IMHO this lockless list iteration looks very complex and
should be
pretty difficult to maintain while moving forward, also since
it
pulls
the gpuvm_bos off the list, list iteration needs to be
protected by
an
outer lock anyway.

As being partly responsible for this convoluted list iterator,
I must
say I agree with you. There's so many ways this can go wrong if
the
user doesn't call it the right way, or doesn't protect
concurrent
list
iterations with a separate lock (luckily, this is a private
iterator). I
mean, it works, so there's certainly a way to get it right, but
gosh,
this is so far from the simple API I had hoped for.

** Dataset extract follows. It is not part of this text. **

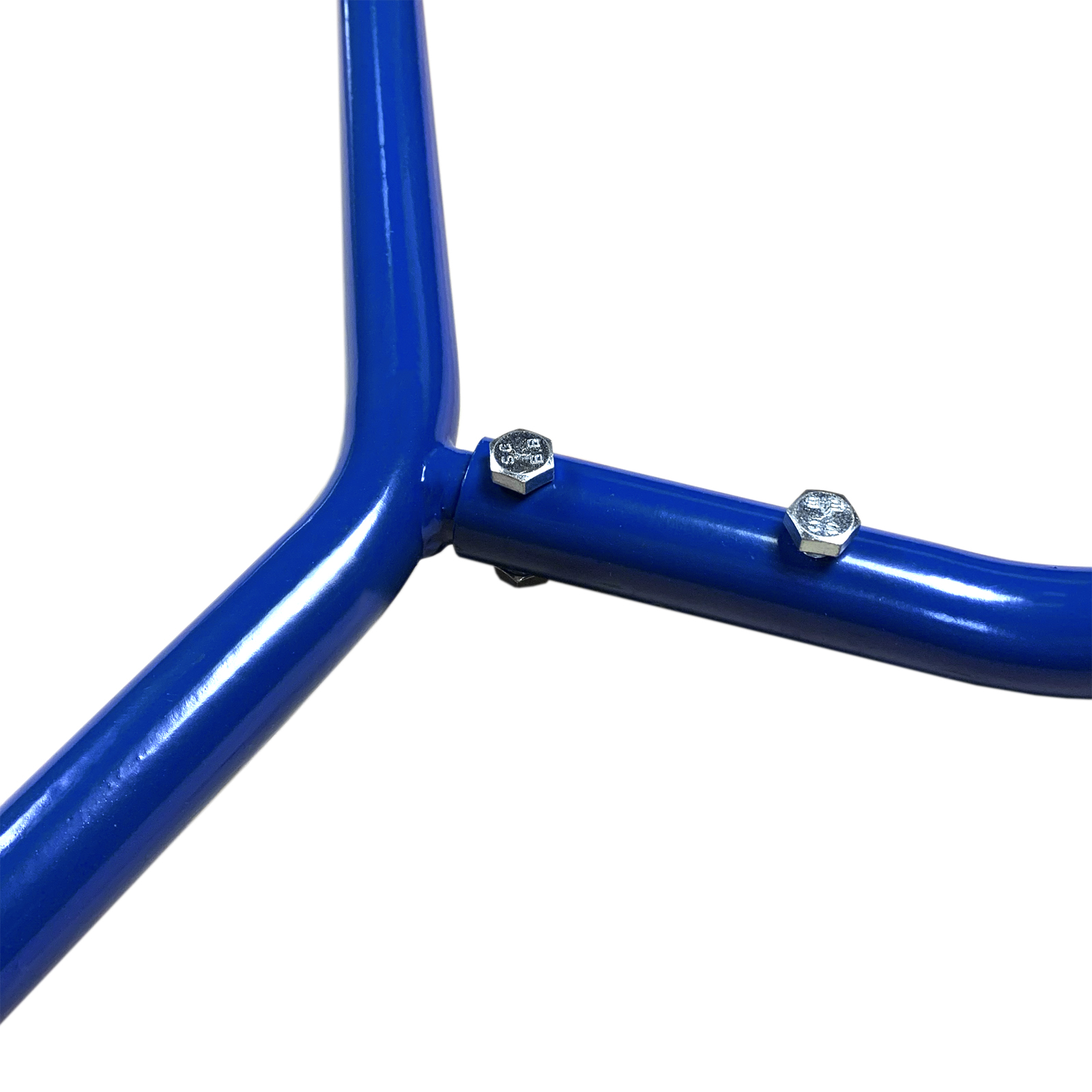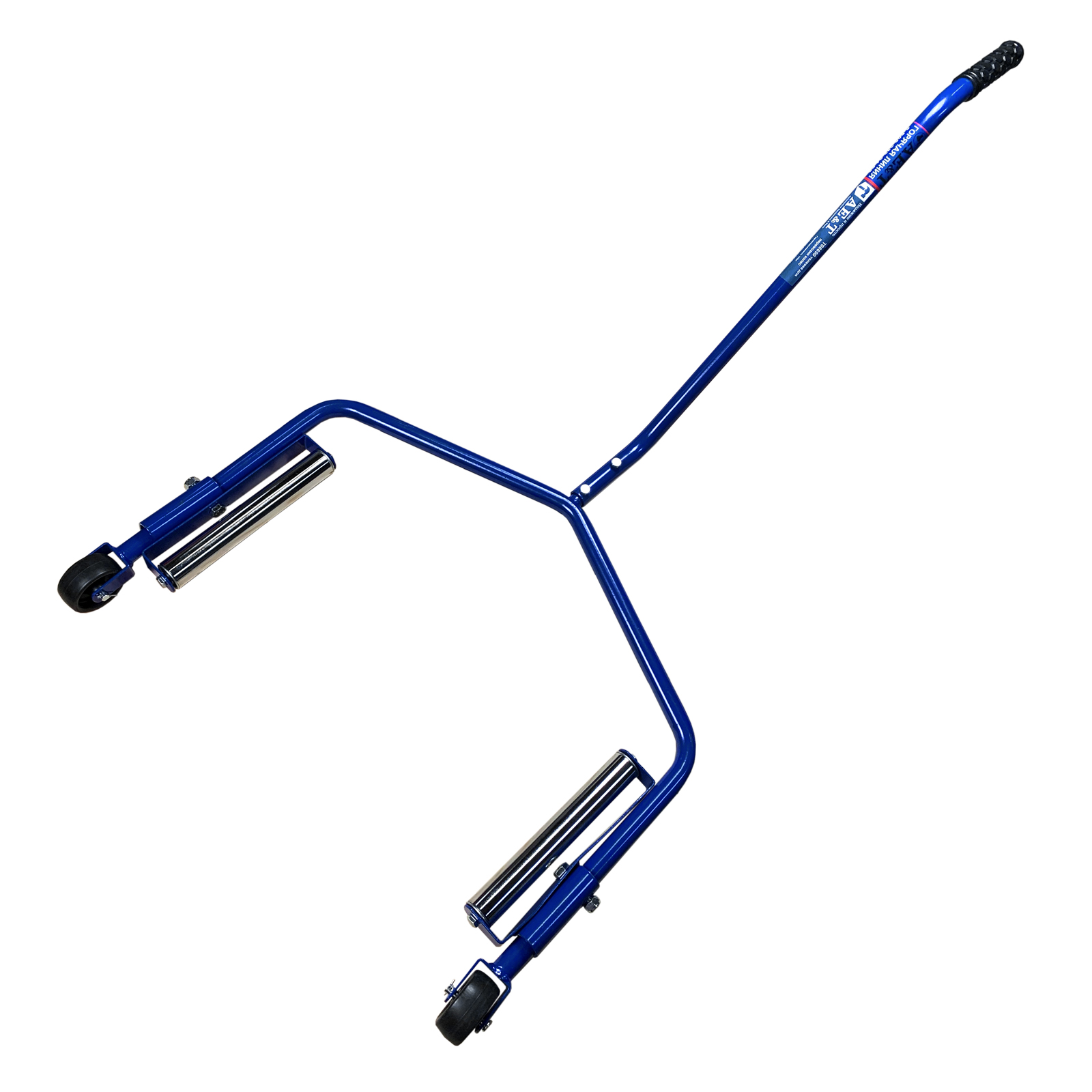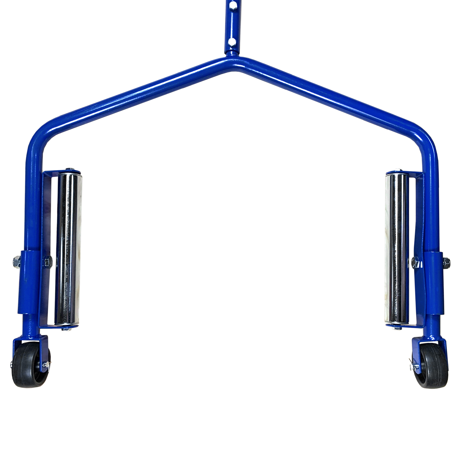 Мощная тележка выдерживает вес до 135 кг и представляет собой металлическую раму на двух колесиках. Опорные части конструкции оснащены роликами, что позволяет вращать и позиционировать колесо.

Also from what I understand from Boris, the extobj
list would typically not need the fine-grained locking; only
the
evict
list?

Right, I'm adding the gpuvm_bo to extobj list in the ioctl
path, when
the GEM and VM resvs are held, and I'm deferring the
drm_gpuvm_bo_put()
call to a work that's not in the dma-signalling path. This
being
said,
I'm still not comfortable with the

gem = drm_gem_object_get(vm_bo->gem);
dma_resv_lock(gem->resv);
drm_gpuvm_bo_put(vm_bo);
dma_resv_unlock(gem->resv);
drm_gem_object_put(gem);

dance that's needed to avoid a UAF when the gpuvm_bo is the
last GEM
owner, not to mention that drm_gpuva_unlink() calls
drm_gpuvm_bo_put()
after making sure the GEM gpuvm_list lock is held, but this
lock
might
differ from the resv lock (custom locking so we can call
gpuvm_unlink() in the dma-signalling path). So we now have
paths
where
drm_gpuvm_bo_put() are called with the resv lock held, and
others
where
they are not, and that only works because we're relying on the
the
fact
those drm_gpuvm_bo_put() calls won't make the refcount drop to
zero,
because the deferred vm_bo_put() work still owns a vm_bo ref.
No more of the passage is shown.